Carly Adams University of Lethbridge

Français

2008

At the turn of the 20th century in London, Ontario community sport initiatives came as a response to increasing industrialization, urban expansion, and growing commercial distractions, which prompted middle-class reformers to campaign for urban parks and supervised playgrounds to provide children with ‘respectable’ amusements (Hall, 2002). Through their participation in playgrounds and city sport leagues, girls and women challenged notions of gender and female physicality, while exploring recreational activities, building lasting friendships and learning new physical skills—an experience that for many set the groundwork for decades of community sport involvement.

Emphasizing the notion that all historical sources are inextricably linked to social power, this study weaves together oral accounts, newspaper reports, pictorial depictions of sport, and available archival materials while simultaneously considering not only what information these sources provide but also how the information is delivered and the variety of meanings embedded in each source. Evidence presented in this study suggests that women’s sport during the first half of the twentieth century was a unique social space for women.
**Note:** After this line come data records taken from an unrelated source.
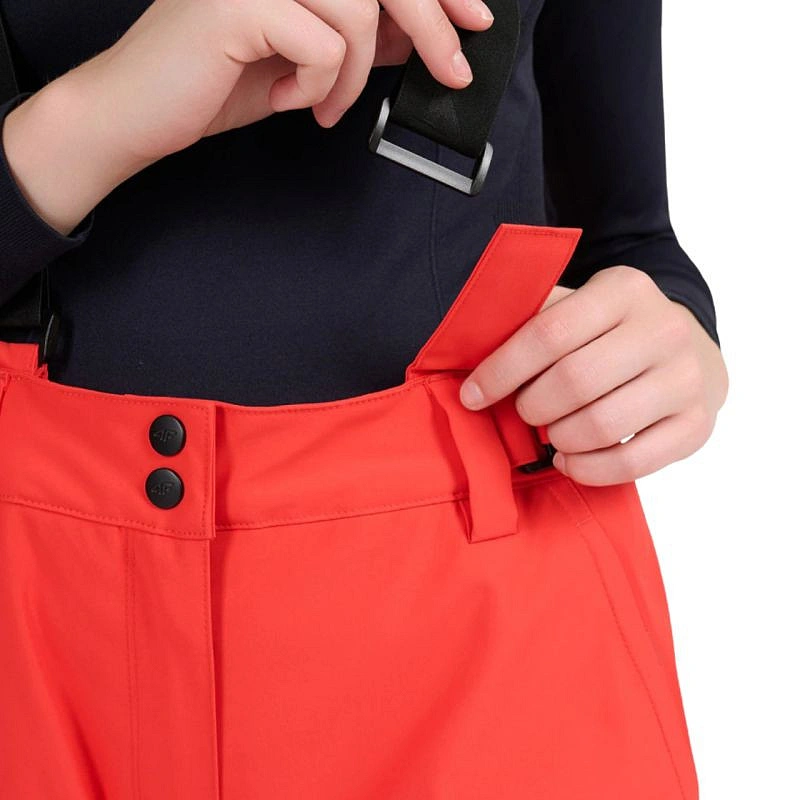 Spodnie narciarskie damskie 4F FNK F0944 czerwone 4FWAW25TFTRF0944 62S Spodnie narciarskie damskie 4F zapewnią swobodę i ochronę nie tylko na stoku. Dane techniczne:· Materiał główny: 100% poliester· Materiał dodatkowy: 100% poliester· Podszewka: 100% poliester· Wypełnienie: 100% poliester (ocieplina poliestrowa)· Poziom wodoodporności membrany: 5 000 mm· Poziom oddychalności membrany: 3 000 g· Membrana NeoDry 5000/3000 - chroni przed lekkim deszczem i wspiera oddychalność materiału· Wszystkie klejone szwy - dodatkowa ochrona przed wnikaniem wilgoci do wnętrza· Hydrofobowe wykończenie - ogranicza wchłanianie wody przez zewnętrzną warstwę materiału· Ocieplina poliestrowa - zapewnia ciepło bez dodatkowego obciążenia· Wewnętrzne nogawki przeciwśnieżne - zabezpieczają przed przedostawaniem się śniegu do środka· Odpinane, regulowane szelki- pozwalają na indywidualne dopasowanie i wygodę noszenia· Pas z regulacją na rzepy - łatwo dostosowuje się do sylwetki i zapewnia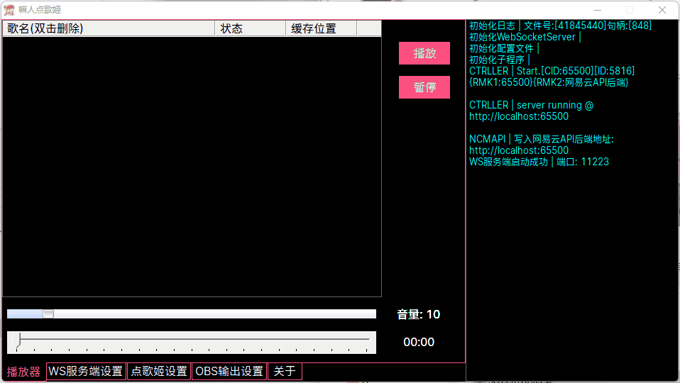 点歌姬会创建一个WS服务端,客户Duan连接并发送关键字文本即可点歌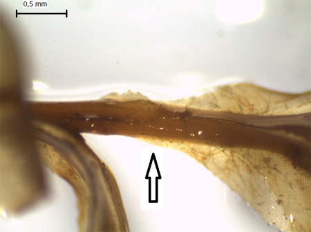 Frumur eru aflangar, um fjórum sinnum lengri en breiðar og í greinilegum skáröðum. Veggir þunnir og holóttir, engar hornþykkingar. Við jaðar eru 2 eða þrjár frumuraðir af lengri og mjórri frumum en þær mynda mjög ógreinilegan jaðar.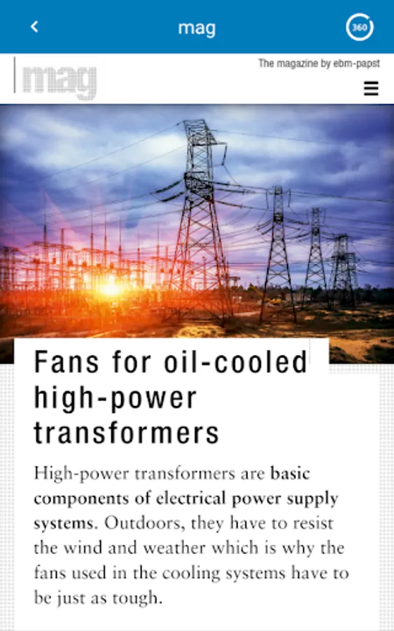 The 360° app is your access to the world of ebm-papst. Whether it’s finding operating instructions, managing fans with an RFID chip, or reading “mag”, the customer magazine, you get an overview of your product-related data and stay informed!

It was certainly more than a voyeuristic form of entertainment for male spectators (Lenskyj, 1996; Lenskyj, 1989). The municipal playgrounds and industrial diamonds, for example, were physically empowering spaces where the athletic skills and abilities of girls and women were practiced, developed, and celebrated.

Exploring both geographical and relational notions of community, this study positions individual, everyday experience as central to our understandings of interactions between work, play, and social life. Investigating municipal playground programs, women’s industrial softball leagues, the London Girls’ Softball and Basketball leagues, and the London Supremes women’s fastball team, this study explores the construction of historical memory, asking why and how women explain, rationalize, make sense of, and apply meaning to their life experiences within specific social and cultural contexts (Sangster, 1997). The complexities of these experiences ultimately impact and shape how we come to understand and theorize women’s sport involvement of the past and the impacts it has on future policies and practices.